Further he collects the $500.00 from PW2 as the first installment and put it into his pocket and told him to follow him to the office. This is the accused person’s version. He explained why he did all these things because customer service. But PW2 in his cross examination denied and stated that it was the Accused’s idea to meet at the Chillie’s restaurant. PW2 denied that accused told him to follow. But accused told PW2 to bring $600.00 before the offer letter and there is no explanation for this request before the offer letter and how he calculated the amount $600.00. First Mesake told PW2 to come to his office but later he changed it to Chillie’s restaurant after PW2 informed him that he was unable to come in the morning. I cannot find any reason in the defence evidence why this accused was in such a hurry to give this offer letter to PW2 and to collect payments before the offer letter”.

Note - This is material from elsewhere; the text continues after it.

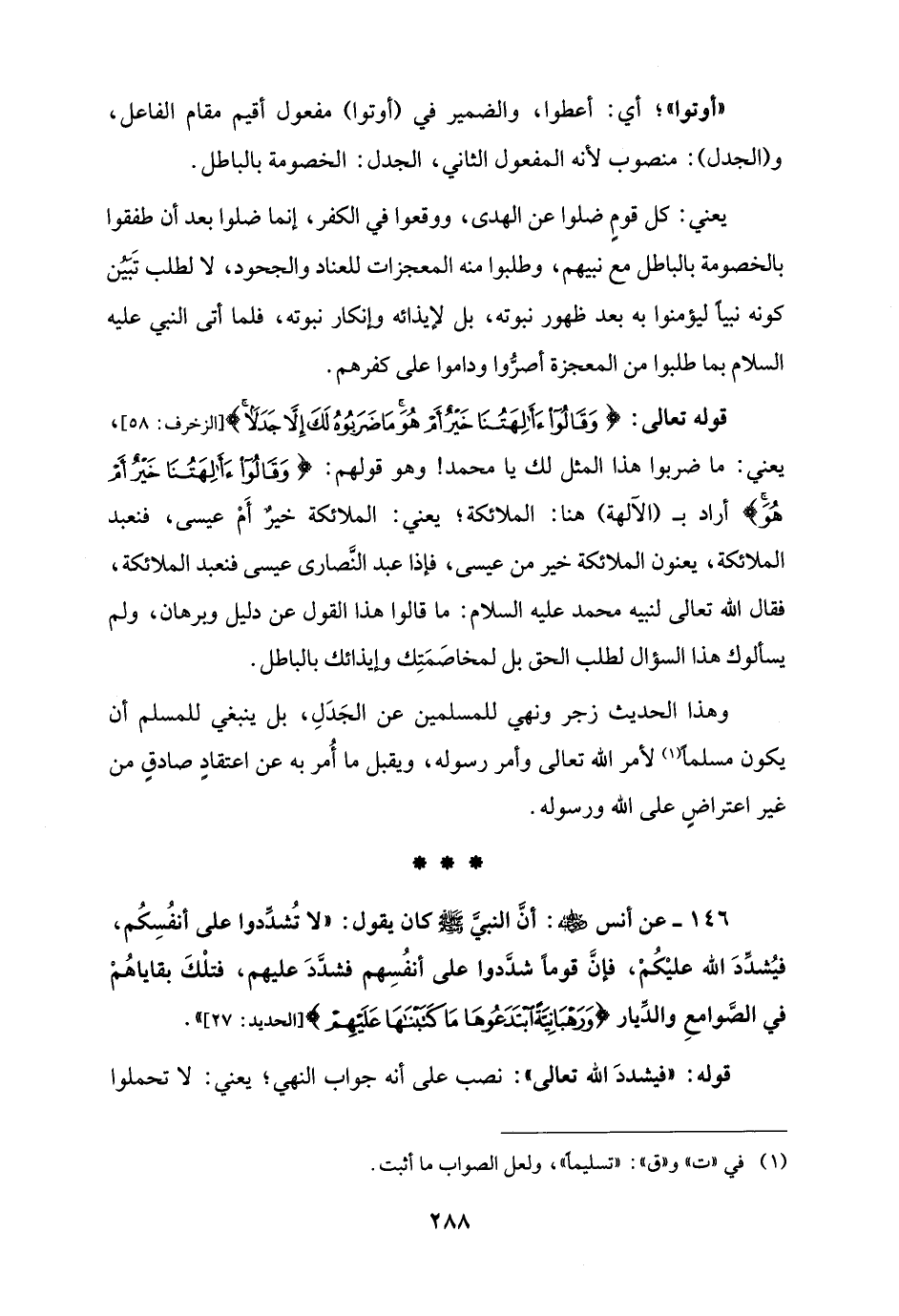 146 - عن أنس - رضي الله عنه -: أنَّ النبيَّ - صلى الله عليه وسلم - كان يقول: "لا تُشدِّدوا على أنفُسِكُم، فيُشدِّدَ الله عليْكُمْ، فإنَّ قومًا شدَّدوا على أنفُسِهم فشدَّدَ عليهم، فتلْكَ بقاياهُمْ في الصَّوامعِ والدِّيار {وَرَهْبَانِيَّةً ابْتَدَعُوهَا مَا كَتَبْنَاهَا عَلَيْهِمْ} [الحديد: 27] ".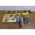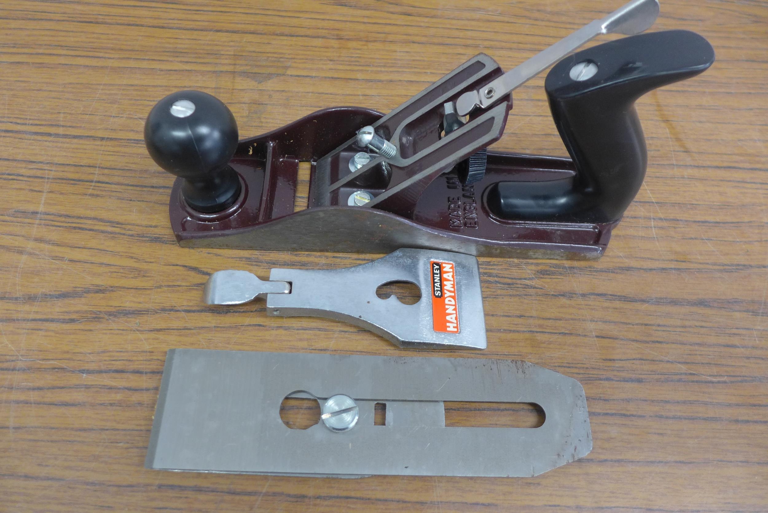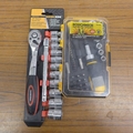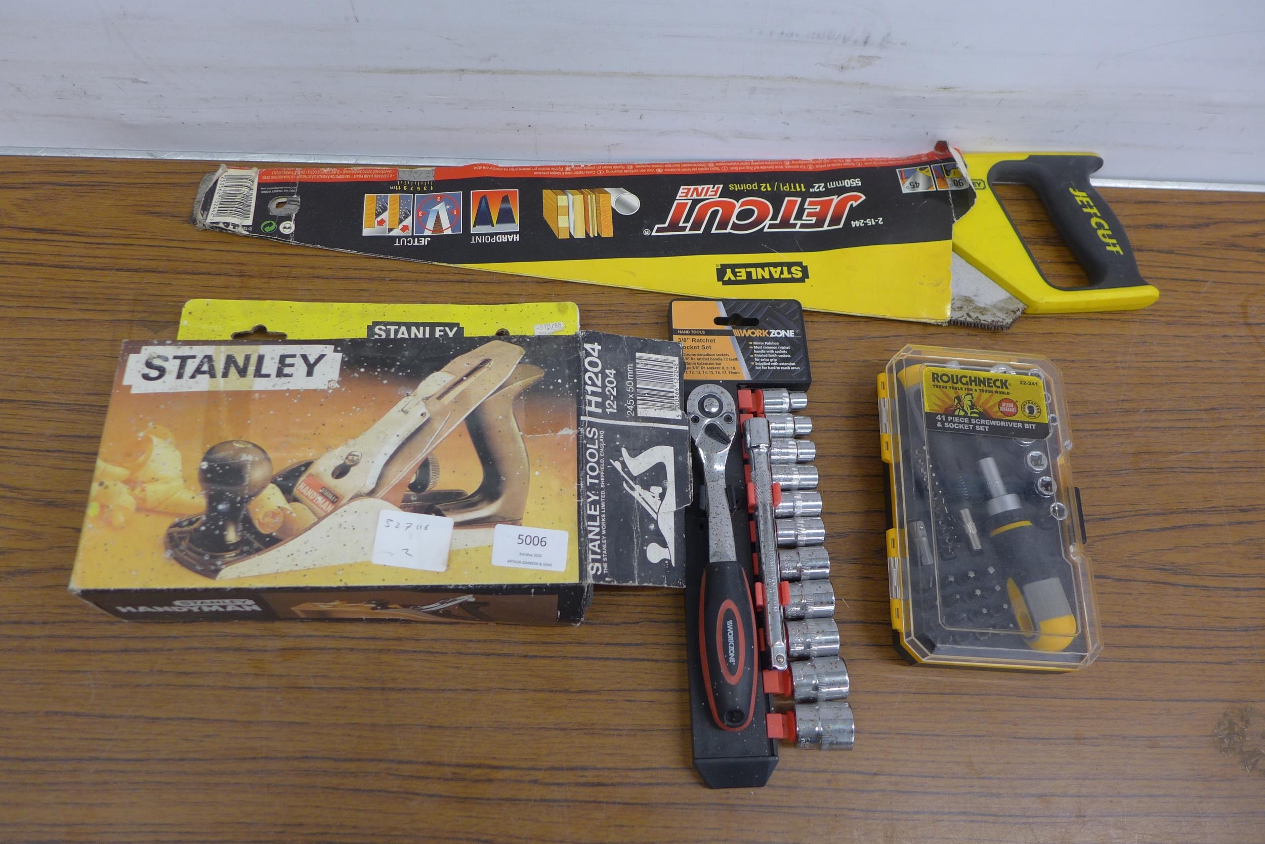 A Stanley Handyman wood plane in original box, a Stanley saw, a Workzone 3/8" ratchet socket set and a Roughneck 41 piece screwdriver bit and socket set

  1. The learned Magistrate at paragraph 23 of her judgment analysed the evidence of the Appellant and rejected it. Her Worship has given reasons for her finding. The learned Magistrate’s finding that it was Appellant’s idea to meet the complainant at Chillie’s restaurant is founded on facts proved in evidence. She was not mistaken. There is no error in fact or law. Therefore, this ground should be dismissed.

Ground 2


  1. The Appellant contends that the trial Magistrate erred in fact and in law in her assessment of the evidence at paragraph 24 of the judgment upon the following grounds:

i. The trial Magistrate failed to properly consider the Appellant’s duty as an estate officer in relation to the lease offer letter of the complainant;

ii. The trial Magistrate failed to consider that the schedule of costs in the lease offer was standard costs and it was open to the appellant to divulge the same to the complainant when asked;

iii. The trial Magistrate failed to consider that an offeree had the choice of installment payment, part payment or full payment of the schedule of costs in the lease offer within the stipulated time in the lease offer.

  1. The trial Magistrate failed to consider and give proper weight to the fact that on 5th June, 2013, the appellant had advised the complainant about his lease offer, the schedule costs on the offer, and the choice of payment the complainant can do and to call into the iTLTB office, Namaka to execute his lease offer on 6 June, 2013 at 12 midday.

25. The learned Magistrate at Paragraph 24 stated the following:

The accused took money at the Chillie’s restaurant and it was not his office. He went to the Chillie’s restaurant to take $600.00. He failed to issue a receipt for $300.00 and for $600.00 to the PW2 he took $600.00 from PW2 and he put it in his shirt pocket and he left the table where they were sitting. He walked towards the entrance without noticing PW2 was following. These facts explained properly that this accused took this advantage from PW2 for the offer letter. I cannot find that the accused has any lawful authority or reasonable excuse to collect money for the marking of boundaries and for the issuing of offer letter from PW2 in the defence case”.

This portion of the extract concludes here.